2. If received recent therapy, evidence of moderate-severe/uncontrolled toxicities that in the opinion of the investigator are limiting of subsequent therapy or unstable organ dysfunction due to previous treatment.
3. Concurrent treatment with a strong CYP3A4 inhibitor or inducer, consumption of grapefruit juice or Seville orange or drugs associated with QT prolongation. The Investigator should review concomitant medications with their site pharmacist as the list can change frequently.
4.Clinically significant active cardiovascular disease or history of myocardial infarction within 3 months prior to planned start of selitrectinib, cardiomyopathy; current or known history within the past 6 months of prolonged QTc interval >480 milliseconds. If there is a known explanation for a limited period of a prolonged QT interval (i.e., a medication known to cause prolonged QT interval was administered and has since been discontinued with clearly documented normal QT interval thereafter), that subject may be enrolled.

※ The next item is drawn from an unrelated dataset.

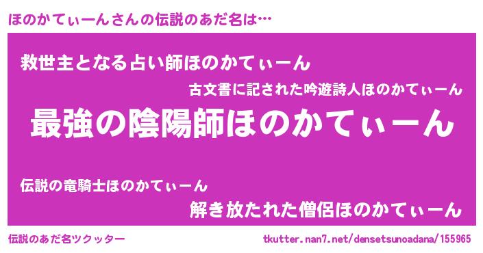 | 胡散臭い通販商品みたいなあだ名 | 『あなたにだけ特別に提供する世界で10本だけ現存している希少なブランデー…その名も「ほのかてぃーん」』 |

If subject suffers from congestive heart failure, with onset more than 3 months prior to planned start of selitrectinib, then NYHA should be functional capacity I at maximum (Appendix K).

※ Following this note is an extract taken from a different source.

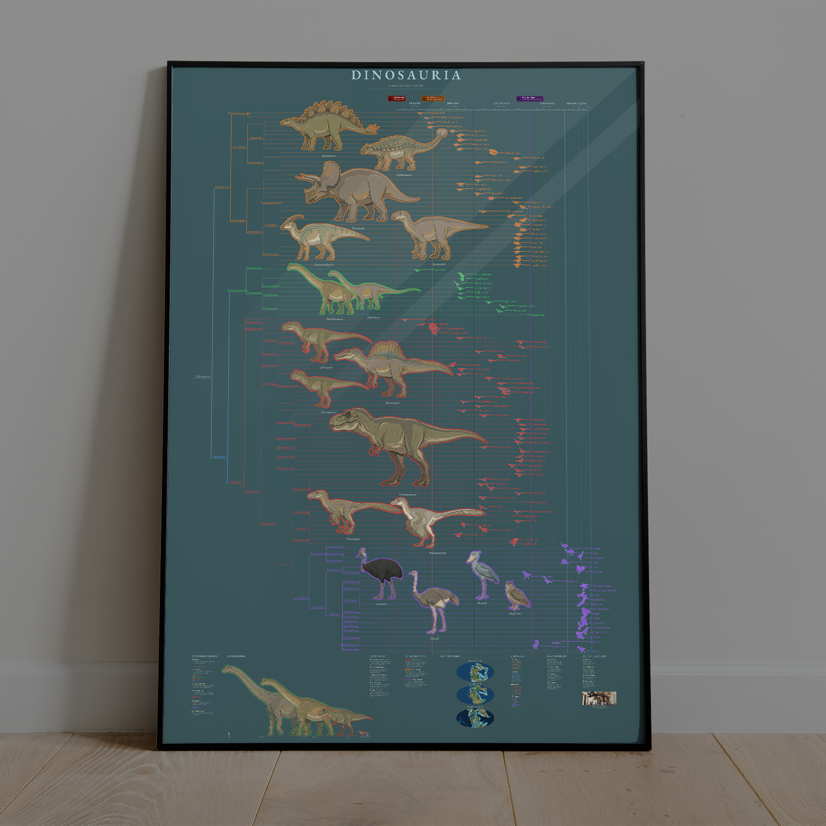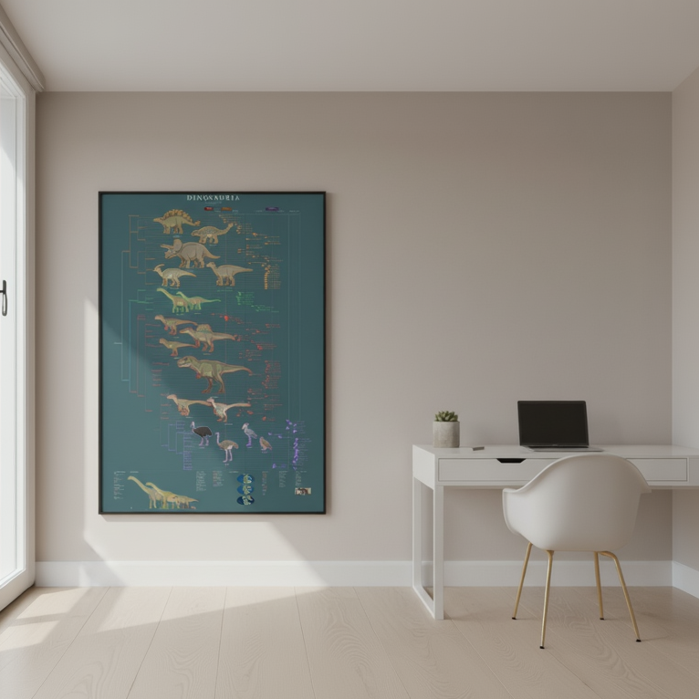 Unlike generic dinosaur prints, this poster is built around evolutionary relationships rather than a simple lineup of species. It helps viewers see how stegosaurs, ceratopsians, sauropods, theropods, and birds fit into one connected history.

5.Major surgery within 7 days of enrollment. Catheter placement, endoscopic procedures, and dental surgery are not considered major surgery.
6.Uncontrolled systemic bacterial, fungal or viral infection. Infections treated with a stable dose of antimicrobial therapy for at least 7 days are allowed. Prophylactic antibiotics are allowed.
7.Pregnancy or lactation.
8.Known hypersensitivity to any of the components of the investigational agent, selitrectinib or Ora-Sweet® SF and OraPlus®, for patients who will take the selitrectinib suspension. Please refer to Appendix H for the complete list of ingredients for Ora-Sweet® SF and Ora-Plus®.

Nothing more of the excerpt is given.